What is needed here is each entry reproduced exactly, without its pictures.
─── Supplied records ───
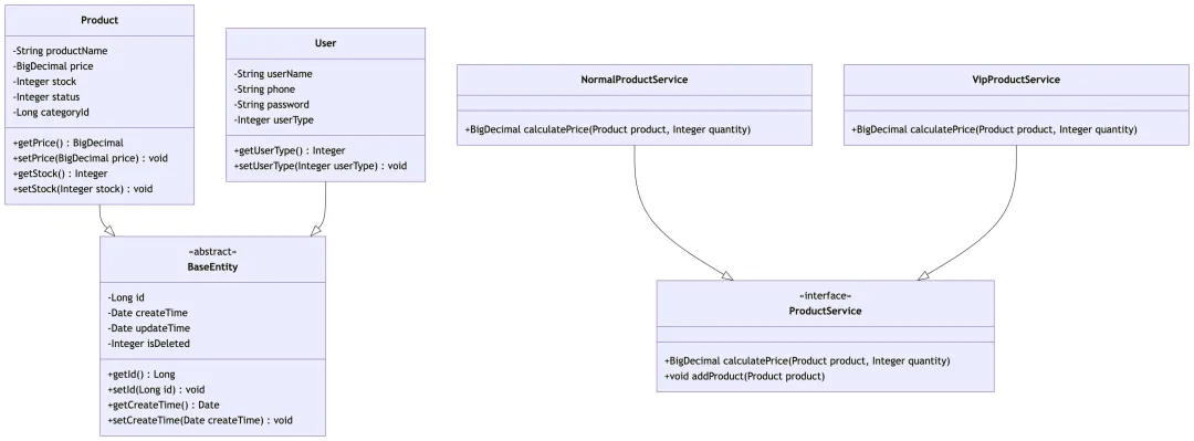 注:类图中 BaseEntity 体现了继承的复用性,Product 类的 private 属性 + public 方法体现了封装,两个实现类重写 calculatePrice 方法体现了多态
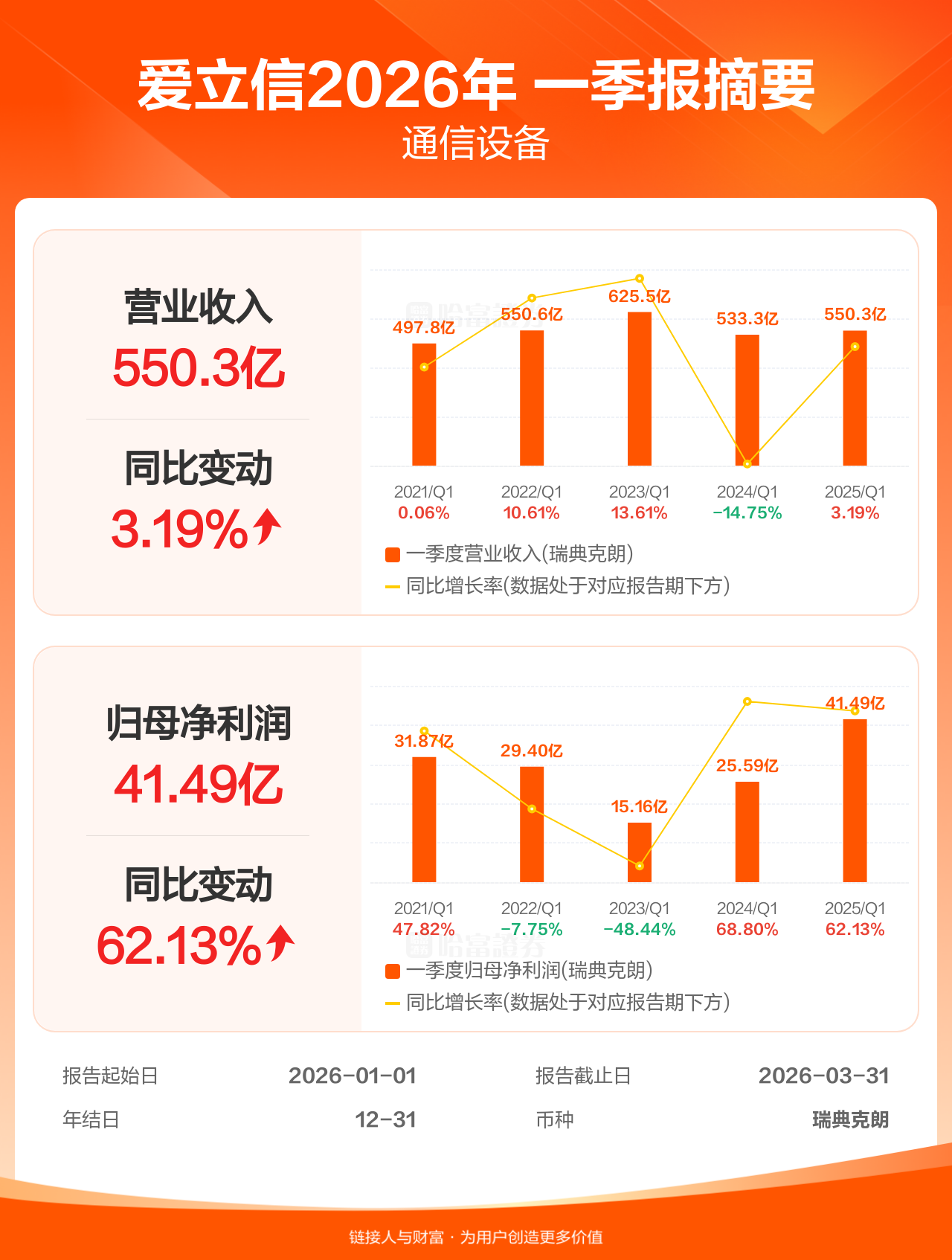 爱立信4月17日发布一季报业绩,截至2026年3月31日的3个月内,该公司营业收入493.32亿瑞典克朗,同比减少10.35%;公司权益持有人应占溢利(归母净利润)8.88亿瑞典克朗,同比减少78.60%。
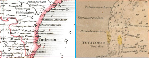 1788 ஜேம்ஸ் ரென்னெல் (1வது பதிப்பு) - கீழ்பட்டினம் / தாராவர் மாற்ற காலம்; இரண்டு பெயர்களும் அவ்வப்போது குறிப்பிடப்படுகின்றன.
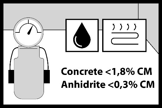 Влажность цементной стяжки должна составлять максимум 1,8%, а ангидритовой — 0,3%. Измерения следует проводить карбидным методом (так называемый CM).
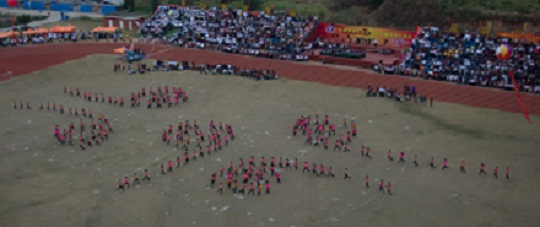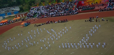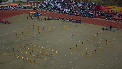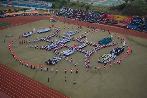 彩旗、鲜花队员、运动员组成的校徽
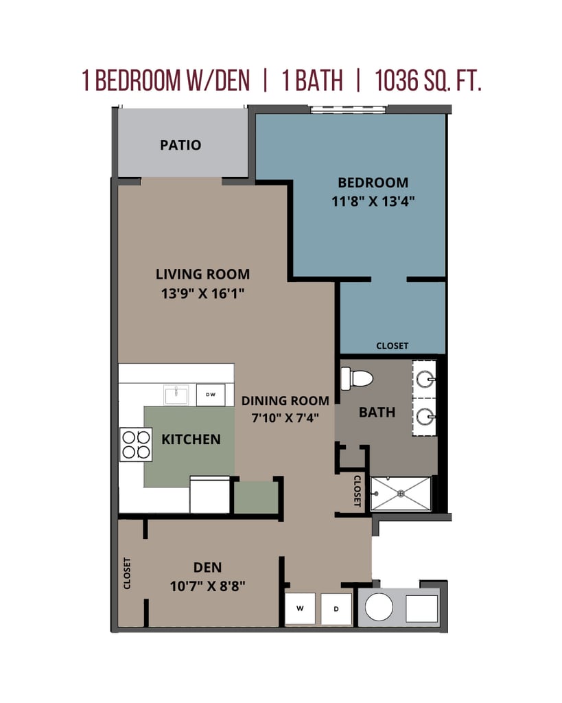 Modelo de apartamento: 1 Bedroom 1 Bathroom DenDesde $1,5801 Dormitorio, 1 Baño, 1036 sq ftDisponible Ahora![]()
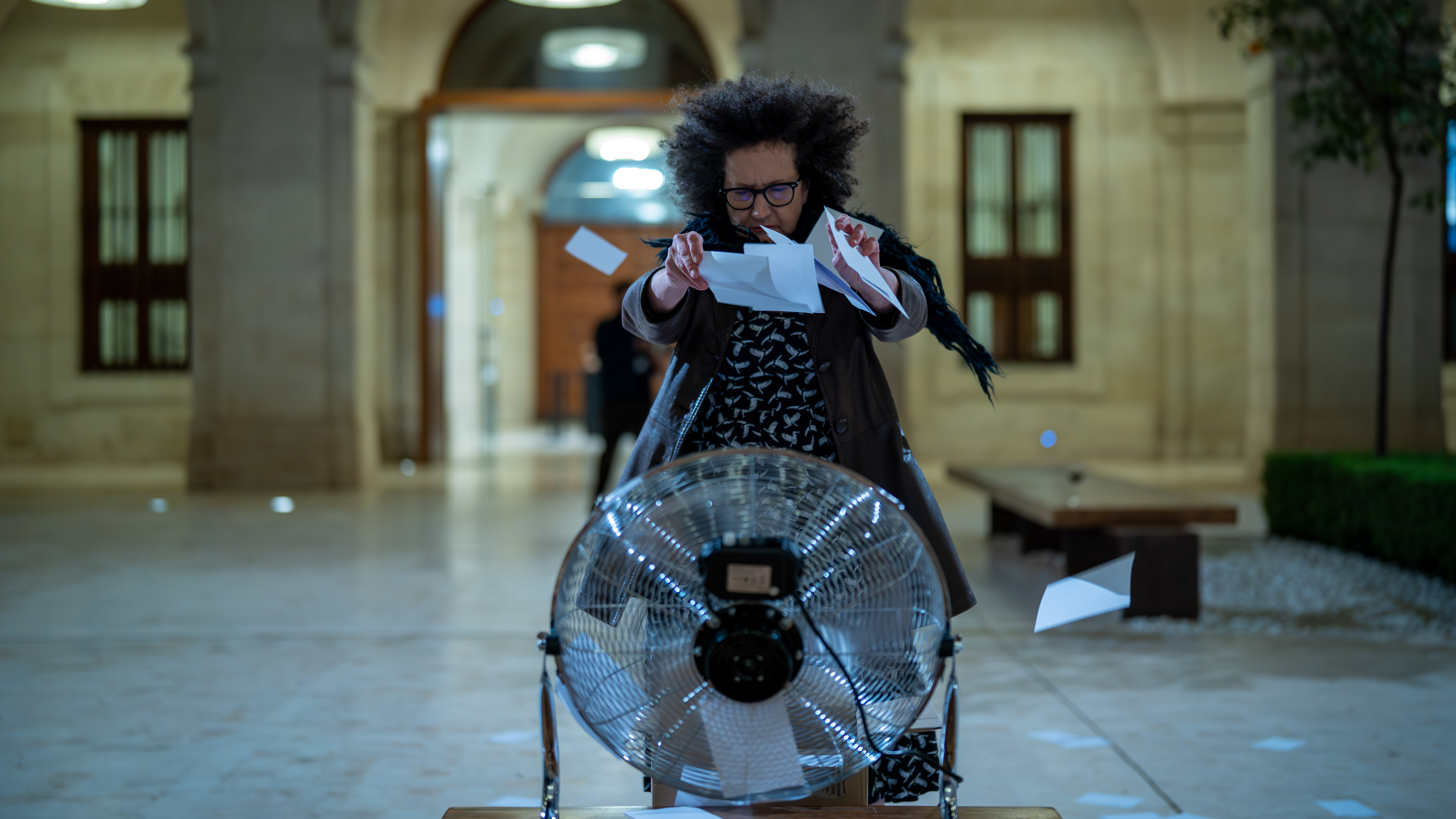 Nieves Correa propone una acción corporal directa y descarnada, sin elementos que desvíen la atención del cuerpo. La artista se expresa consciente de las múltiples realidades en las que habitamos, planteando: “¿Cuál es la urgencia del pasado, la urgencia de los muertos?”. La urgencia del pasado parece interpelar la necesidad de revisar algo importante que no merece desaparecer. La urgencia de los muertos, por su parte, sugiere una reflexión sobre aspectos concretos de la memoria individual o colectiva. Lo que está claro es que la presencia de la artista, en ese ejercicio performativo de poner su cuerpo ante una audiencia, evoca un acto humano y necesario: recordar. No olvidar y estar presentes.
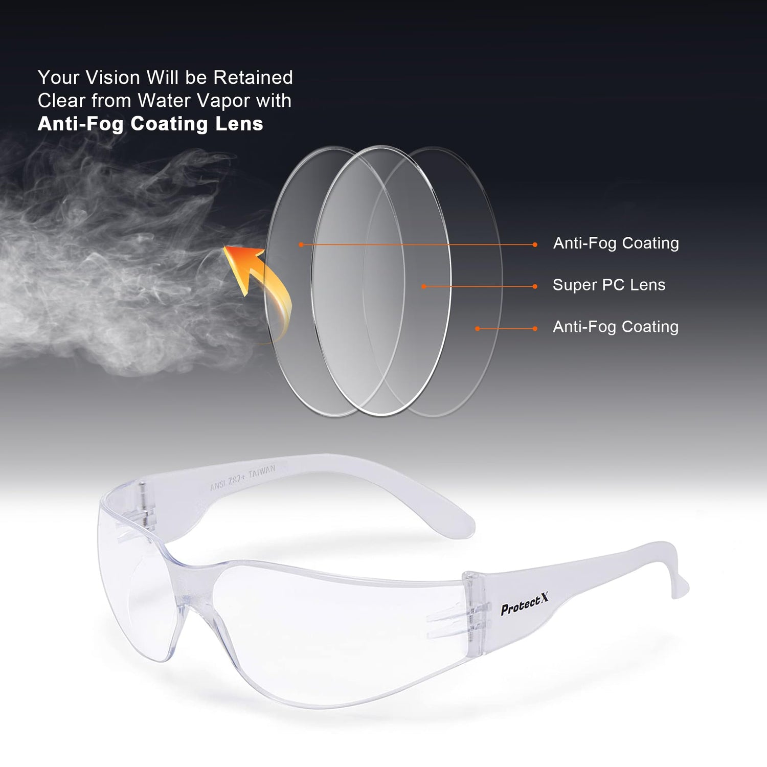 • ANTI FOG: Treated lens to prevent fogging
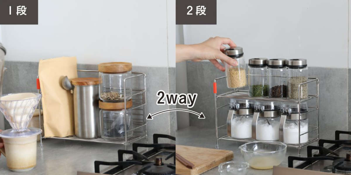 使う場所や置くものに合わせて高さを選べる、2way設計です。1段でも2段でも使えるので、調味料の高さやキッチンの空きスペースに応じて、自由にレイアウトできます。
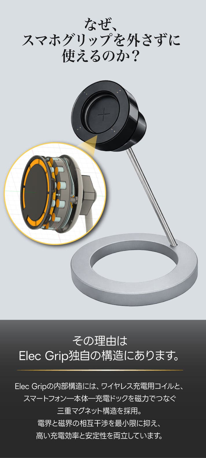 Elec Gripはスマホグリップを外すことなく、ホルダーに置くだけで充電と固定を同時に実現します。1分1秒を大切にする現代人の時間ロスを減らし、取り外したグリップの紛失リスクも防ぎます。
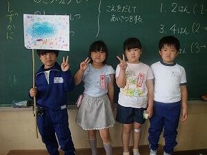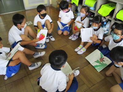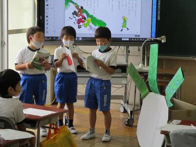 国語の「かいがら」の学習で、くまのこの気持ちを考えてセリフを付け足して音読劇をしました。自分で考えたせりふを上手に入れて発表しました。
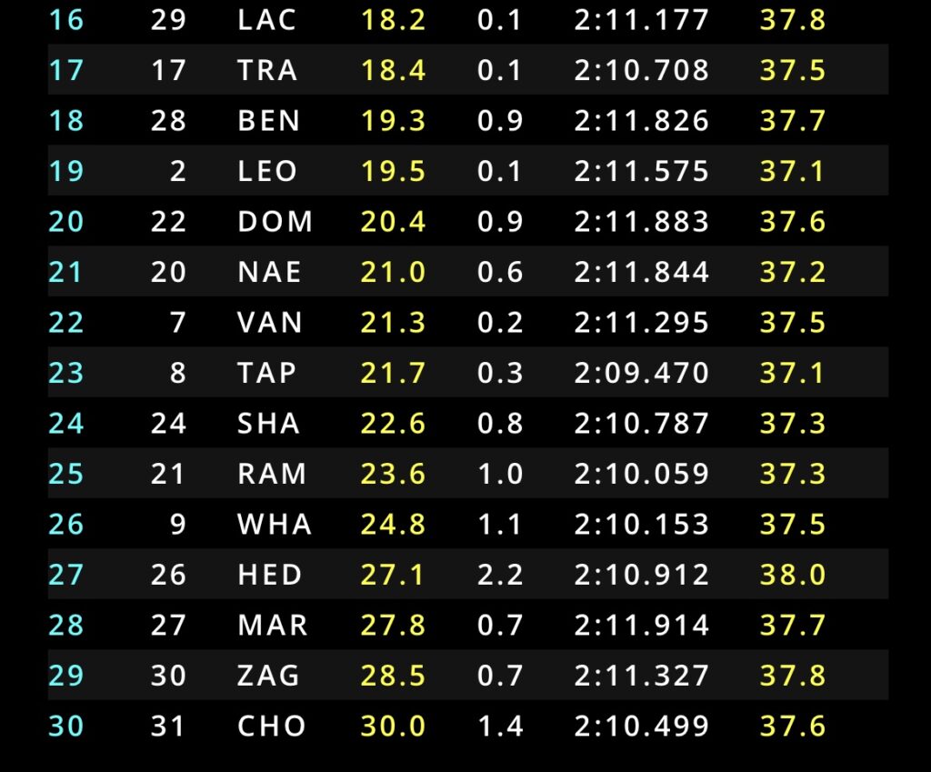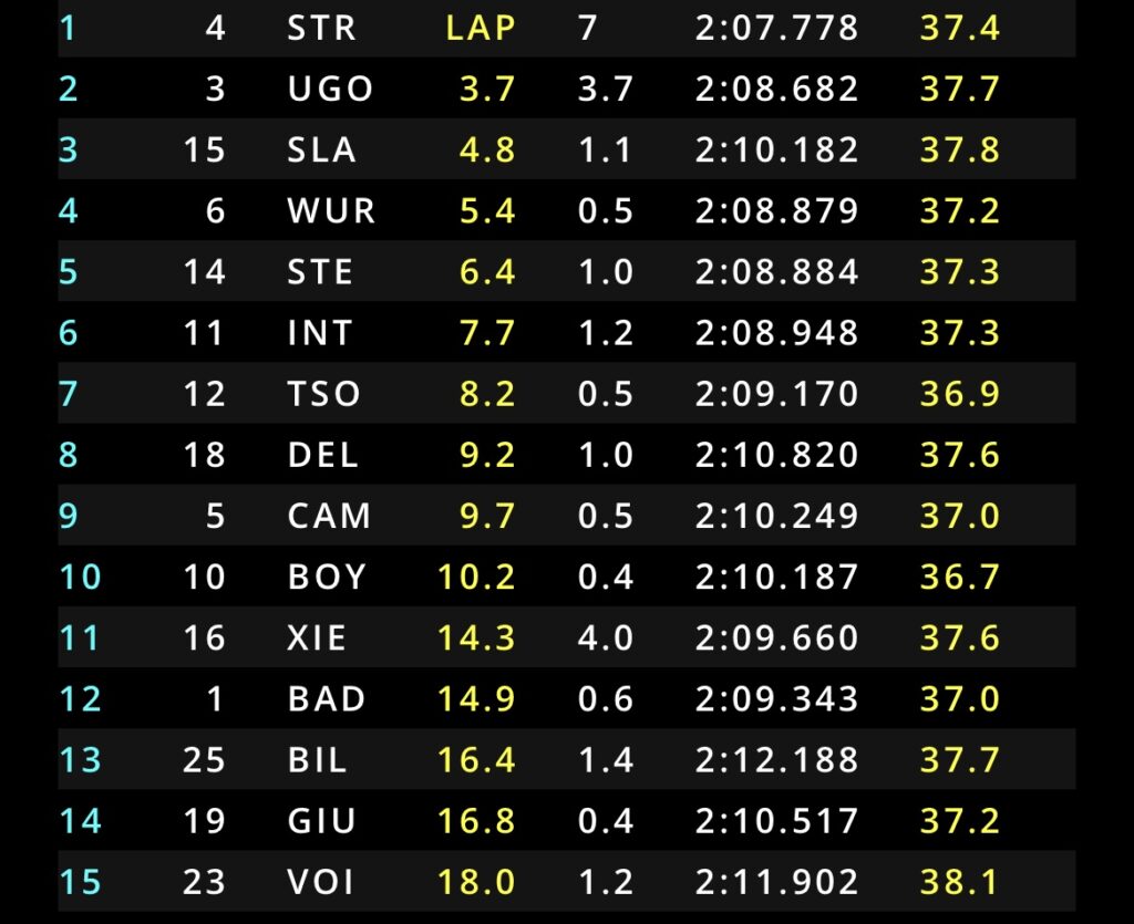 7/12 – Stromsted allunga a quasi tre secondi di vantaggio su Slater, che subisce l’attacco di Ugochukwu. Dietro, lottano Inthraphuvasak e Del Pino, con il giovane pilota spagnolo che perde anche la posizione su Tsolov.
───
| Solution to this task |
 注:类图中 BaseEntity 体现了继承的复用性,Product 类的 private 属性 + public 方法体现了封装,两个实现类重写 calculatePrice 方法体现了多态
 爱立信4月17日发布一季报业绩,截至2026年3月31日的3个月内,该公司营业收入493.32亿瑞典克朗,同比减少10.35%;公司权益持有人应占溢利(归母净利润)8.88亿瑞典克朗,同比减少78.60%。
 1788 ஜேம்ஸ் ரென்னெல் (1வது பதிப்பு) - கீழ்பட்டினம் / தாராவர் மாற்ற காலம்; இரண்டு பெயர்களும் அவ்வப்போது குறிப்பிடப்படுகின்றன.
 Влажность цементной стяжки должна составлять максимум 1,8%, а ангидритовой — 0,3%. Измерения следует проводить карбидным методом (так называемый CM).
 彩旗、鲜花队员、运动员组成的校徽
 Modelo de apartamento: 1 Bedroom 1 Bathroom DenDesde $1,5801 Dormitorio, 1 Baño, 1036 sq ftDisponible Ahora![]()
 Nieves Correa propone una acción corporal directa y descarnada, sin elementos que desvíen la atención del cuerpo. La artista se expresa consciente de las múltiples realidades en las que habitamos, planteando: “¿Cuál es la urgencia del pasado, la urgencia de los muertos?”. La urgencia del pasado parece interpelar la necesidad de revisar algo importante que no merece desaparecer. La urgencia de los muertos, por su parte, sugiere una reflexión sobre aspectos concretos de la memoria individual o colectiva. Lo que está claro es que la presencia de la artista, en ese ejercicio performativo de poner su cuerpo ante una audiencia, evoca un acto humano y necesario: recordar. No olvidar y estar presentes.
 • ANTI FOG: Treated lens to prevent fogging
 使う場所や置くものに合わせて高さを選べる、2way設計です。1段でも2段でも使えるので、調味料の高さやキッチンの空きスペースに応じて、自由にレイアウトできます。
 Elec Gripはスマホグリップを外すことなく、ホルダーに置くだけで充電と固定を同時に実現します。1分1秒を大切にする現代人の時間ロスを減らし、取り外したグリップの紛失リスクも防ぎます。
 国語の「かいがら」の学習で、くまのこの気持ちを考えてセリフを付け足して音読劇をしました。自分で考えたせりふを上手に入れて発表しました。
 7/12 – Stromsted allunga a quasi tre secondi di vantaggio su Slater, che subisce l’attacco di Ugochukwu. Dietro, lottano Inthraphuvasak e Del Pino, con il giovane pilota spagnolo che perde anche la posizione su Tsolov.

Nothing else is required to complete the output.